Alcoholic Hepatitis

PATHOPHYSIOLOGY

Alcoholic hepatitis is a precursor of cirrhosis characterized by inflammation. The inflammation within the liver can lead to degeneration and necrosis of hepatocytes, infiltration of neutrophils, macrophages, and lymphocytes, and oxidative stress leading to lipid peroxidation. The injured hepatocytes contain Mallory Bodies, which is indicative of the onset of fibrosis. Neutrophils infiltrate and surround degenerating hepatocytes. The mechanisms of hepatocyte injury are not well understood, but inflammatory mediators, acetaldehyde, reactive oxygen and nitrogen species, and genetic factors are involved. Alcohol also increases gut permeability, and translocation of bacteria-derived lipopolysaccharide contributes to information, oxidative stress, and the severity of the alcoholic liver disease. Serum IgA level is often elevated in individuals with alcoholic hepatitis, and liver antigens and antibodies have been identified in persons with progressive alcoholic liver disease. The inflammation and necrosis caused by alcoholic hepatitis stimulate the fibrosis characteristics of the cirrhotic stage of the disease. Treatment includes corticosteroids and/or pentoxifylline and alcohol abstinence supported by Baclofen (McCance & Huether, 2019).

 

CLINICAL MANIFESTATIONS

The clinical manifestations of alcoholic hepatitis can be mild or severe. Nonspecific symptoms include fatigue, weight loss, and anorexia. Manifestations of acute illness include nausea, anorexia, fever, abdominal pain, and jaundice. Toxic effects of alcohol also can be gynecomastia, testicular atrophy, reduced libido, azoospermia, and decrease testosterone levels in men (McCance & Huether, 2019).

 

EVALUATION & TREATMENT

The diagnosis of alcoholic hepatitis is based on the individual’s history and clinical manifestations. Results of liver function tests are abnormal, and serological studies show elevated levels of serum enzymes and bilirubin and decreased serum albumin levels. Prolonged prothrombin time cannot easily be corrected without vitamin K therapy (McCance & Huether, 2019).

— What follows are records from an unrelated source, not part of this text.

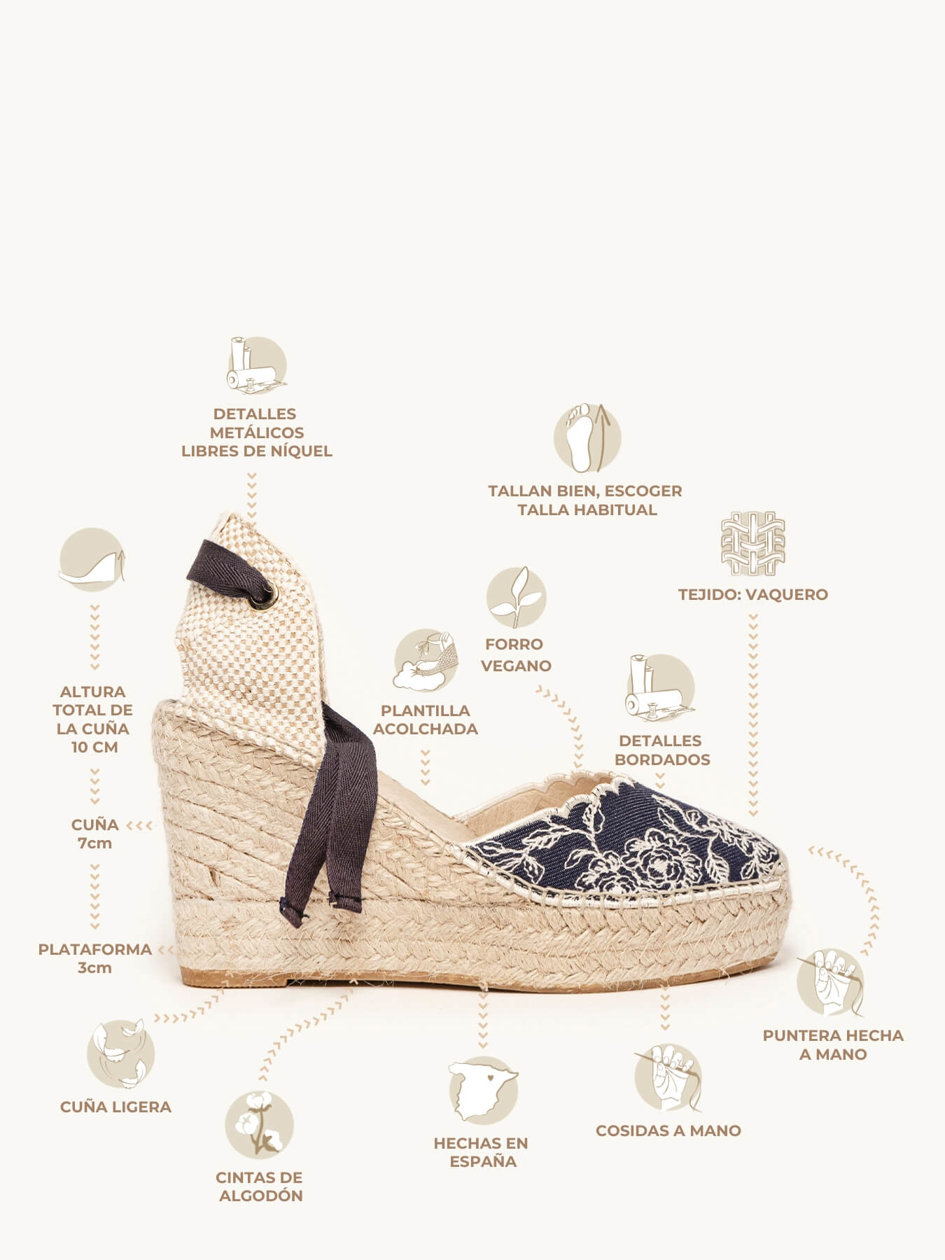 A espadrille de cunha alta Romero, é o nosso modelo mais icónico. Uma alpargata valenciana com decote em coração e fitas que pode usar com os seus looks especiais e também com os seus looks do dia a dia. Poderá dar-lhe um toque especial porque as fitas podem ser mudadas.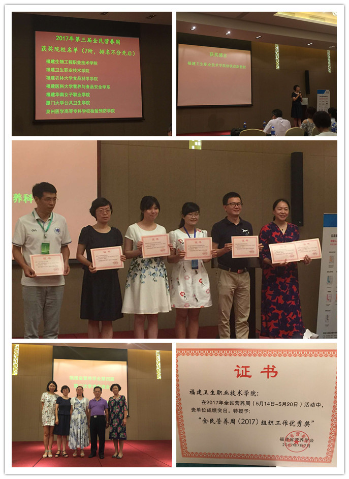 學(xué)院醫(yī)學(xué)營養(yǎng)專業(yè)在基層營養(yǎng)宣教方面的努力受到了大會的肯定并榮獲"全民營養(yǎng)周(2017)組織工作優(yōu)秀獎",管理系徐軼彥老師作為院校代表發(fā)表了感言。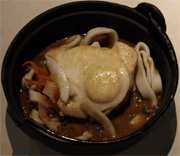 Рисовая лапша и говядина в горячем бульоне с тофу, куриным яйцом, вешенками, луком порей и пекинской капустой.

There is no specific treatment for alcoholic liver disease, but many of the complications are treatable. Rest, nutritious diet, corticosteroids, antioxidants, drugs that slow fibrosis, and management of complications such as ascites, gastrointestinal bleeding, anemia, infection, and encephalopathy slow disease progression. Cessation of alcohol consumption slows the progression of liver damage, improves clinical symptoms, and prolongs life. Although the liver damage is irreversible, measures that halt the inflammation and destruction of liver cells and fibrosis prolong life. Guidelines are available to guide treatment and predict clinical outcomes. Liver transplant is the treatment for liver failure, and artificial liver support systems are being developed (McCance & Huether, 2019).